Sea level pressures act to directly impact the strength of the vertical wind shear. For example in the Atlantic basin because of a relatively invariant sea level pressure field near the equator, above (below) normal SLP in the main development region from 10 to 20N between Africa and the Americas tightens (loosens) the local pressure gradient and strengthens (weakens) the easterly tradewinds by 1 to 3 m s-1, thereby contributing to increased (decreased) vertical shear (Gray et al. 1993, 1994). Additionally, Gray et al. (1993) have suggested that abnormally low SLP indicates a poleward shift and/or a strengthening of the Intertropical Convergence Zone (ITCZ). Both situations contribute to less subsidence and drying in the main development region through which easterly waves move. Knaff (1997) indicates that low SLP is accompanied by a deeper moist boundary layer and a weakened tradewind inversion. Moreover, an enhanced ITCZ provides more large-scale, low level cyclonic vorticity to incipient tropical cyclones, thereby creating an environment that is more favorable for tropical cyclogenesis (Gray 1968). In contrast, above normal SLP tends to be associated with opposite conditions which are unfavorable for tropical cyclogenesis. Ray (1935), Brennan (1935), Shapiro (1982), Gray (1984b) and Gray et al. (1993, 1994) have discussed the relationship between sea level pressure anomalies and Atlantic basin activity, while Nicholls (1984) has analyzed Australian tropical cyclones and local pressure values.

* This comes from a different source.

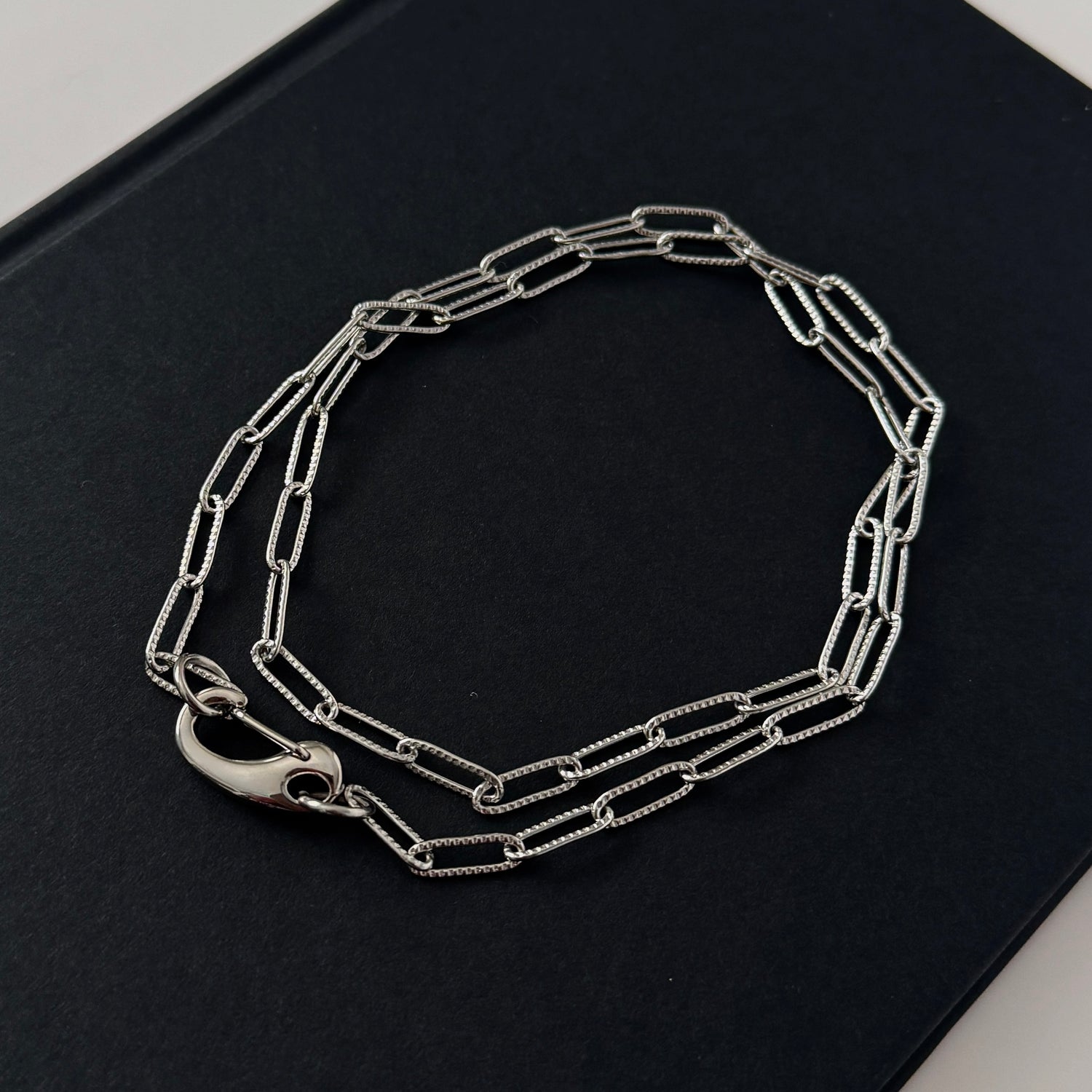 Elevate your everyday style with this silver chain necklace. Featuring elongated links and a sleek clasp detail, it brings effortless sophistication to any look. Designed for versatility, it pairs beautifully with other pieces or stands elegantly on its own.

Sea surface temperatures in the genesis regions of tropical cyclone basins have a direct thermodynamic effect on tropical cyclones through their influence on moist static stability (Malkus and Riehl 1960). Pacific SSTs also indirectly influence the vertical shear through its strong inverse relationship with surface pressures in some regions (Shapiro 1982, Gray 1984b, Nicholls 1984). (These direct and indirect effects of local SST variations are considered separately from the remote forcings of the SST modulations directly due to ENSO.) In particular for the Atlantic basin, warmer than average waters are usually accompanied by lower than average surface pressures, and thus, weaker tradewinds and reduced shear. Cooler than average waters are usually accompanied by higher pressure, stronger tradewinds and increased shear. Somewhat surprisingly, interannual SST variations have relatively small or negligible contributions toward increasing the tropical cyclone frequency in most basins. Only the Atlantic, Southwest Indian and Australian regions have significant though small, positive associations in the months directly before the tropical cyclone seasons begin (Raper 1992, Shapiro and Goldenberg 1997). However, Saunders and Harris (1997) provide substantial evidence that both preceding and during the hurricane season that Atlantic SSTs in the main development region contribute a large percentage of the variance explained (over 30% during the height of the season) with the number of hurricanes generated in that area. Indeed they argue through a partial correlation analysis that these Atlantic SSTs are the dominant physical modulator of tropical Atlantic hurricanes. In addition to these studies, Ray (1935), Carlson (1971), Wendland (1977) and Shapiro (1982) have also examined the Atlantic basin, Jury (1993) has investigated the Southwest Indian, and Nicholls (1984) and Basher and Zheng (1995) have analyzed the Australian/Southwest Pacific for SST associations.